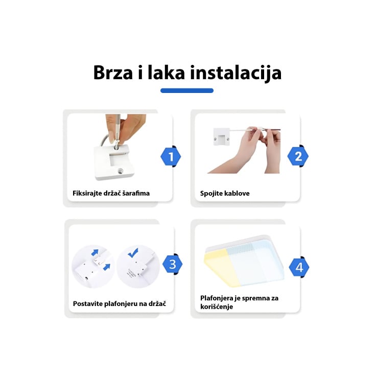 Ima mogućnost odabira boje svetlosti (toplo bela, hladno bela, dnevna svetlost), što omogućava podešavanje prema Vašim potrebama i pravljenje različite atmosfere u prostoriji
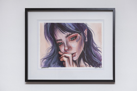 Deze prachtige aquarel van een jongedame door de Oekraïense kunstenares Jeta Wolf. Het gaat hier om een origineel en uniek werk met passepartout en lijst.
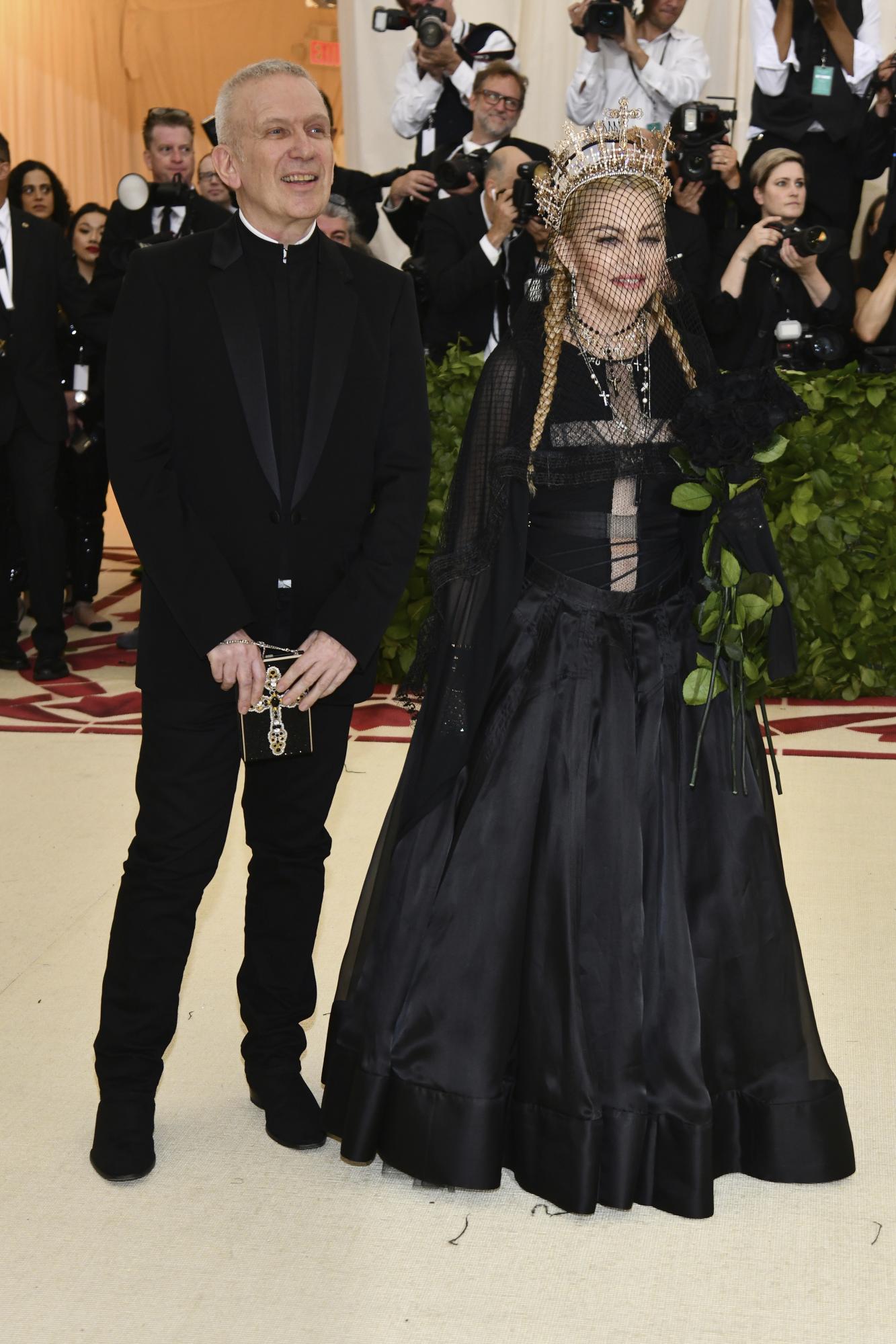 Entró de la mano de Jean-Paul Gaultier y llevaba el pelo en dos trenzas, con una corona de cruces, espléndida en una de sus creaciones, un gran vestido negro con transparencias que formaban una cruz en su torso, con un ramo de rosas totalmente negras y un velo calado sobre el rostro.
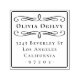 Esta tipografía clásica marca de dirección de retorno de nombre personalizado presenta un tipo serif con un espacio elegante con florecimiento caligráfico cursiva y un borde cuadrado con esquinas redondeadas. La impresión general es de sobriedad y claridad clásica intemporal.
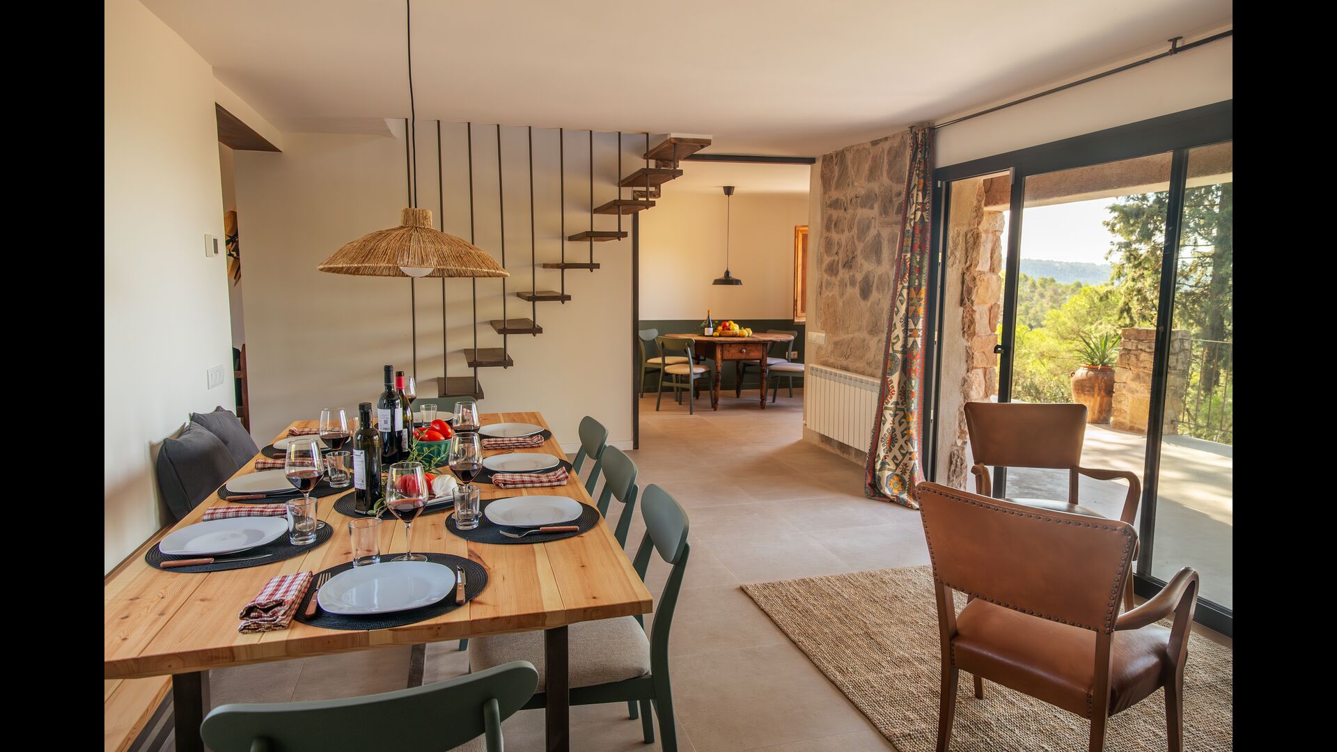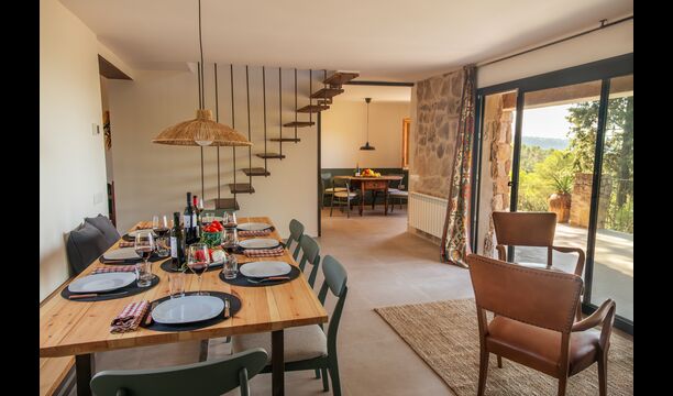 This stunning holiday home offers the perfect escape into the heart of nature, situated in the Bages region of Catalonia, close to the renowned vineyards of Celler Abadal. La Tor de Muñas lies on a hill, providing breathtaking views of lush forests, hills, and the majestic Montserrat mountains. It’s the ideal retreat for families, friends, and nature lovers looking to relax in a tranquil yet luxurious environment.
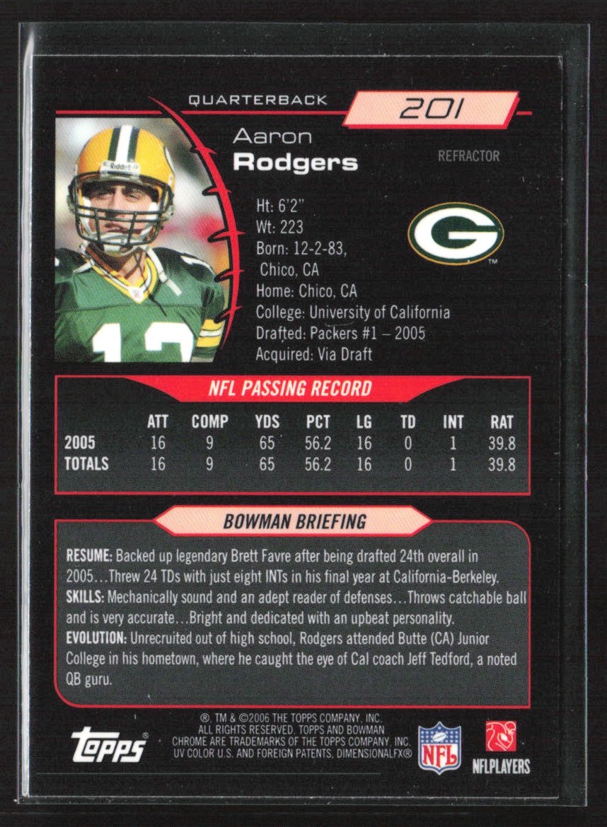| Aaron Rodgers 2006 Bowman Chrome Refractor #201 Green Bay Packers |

--

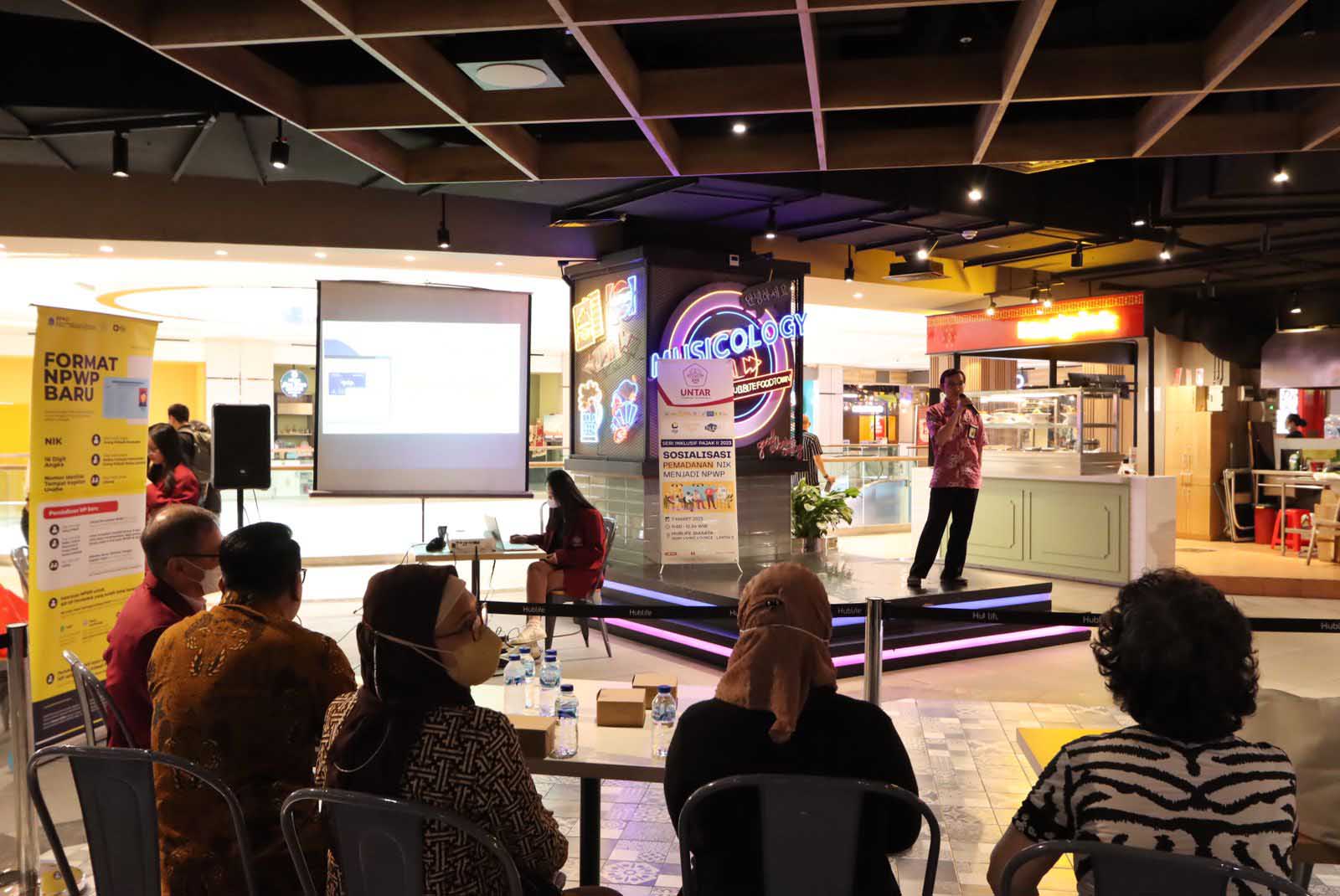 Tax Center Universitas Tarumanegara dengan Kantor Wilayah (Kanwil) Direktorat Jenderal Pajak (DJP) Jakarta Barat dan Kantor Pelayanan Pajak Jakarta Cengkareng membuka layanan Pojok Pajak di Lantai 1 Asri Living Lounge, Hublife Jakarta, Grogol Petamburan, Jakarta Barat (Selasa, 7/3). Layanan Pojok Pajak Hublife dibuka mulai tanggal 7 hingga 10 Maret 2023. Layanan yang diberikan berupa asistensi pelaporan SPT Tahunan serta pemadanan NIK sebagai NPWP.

(Required work) Using the records above, return word for word the lines that begin at the one containing "Ima mogućnost odabira" and end at the one containing "Entró de la", both of them included and no pictures.

(Written response)
 Ima mogućnost odabira boje svetlosti (toplo bela, hladno bela, dnevna svetlost), što omogućava podešavanje prema Vašim potrebama i pravljenje različite atmosfere u prostoriji
 Deze prachtige aquarel van een jongedame door de Oekraïense kunstenares Jeta Wolf. Het gaat hier om een origineel en uniek werk met passepartout en lijst.
 Entró de la mano de Jean-Paul Gaultier y llevaba el pelo en dos trenzas, con una corona de cruces, espléndida en una de sus creaciones, un gran vestido negro con transparencias que formaban una cruz en su torso, con un ramo de rosas totalmente negras y un velo calado sobre el rostro.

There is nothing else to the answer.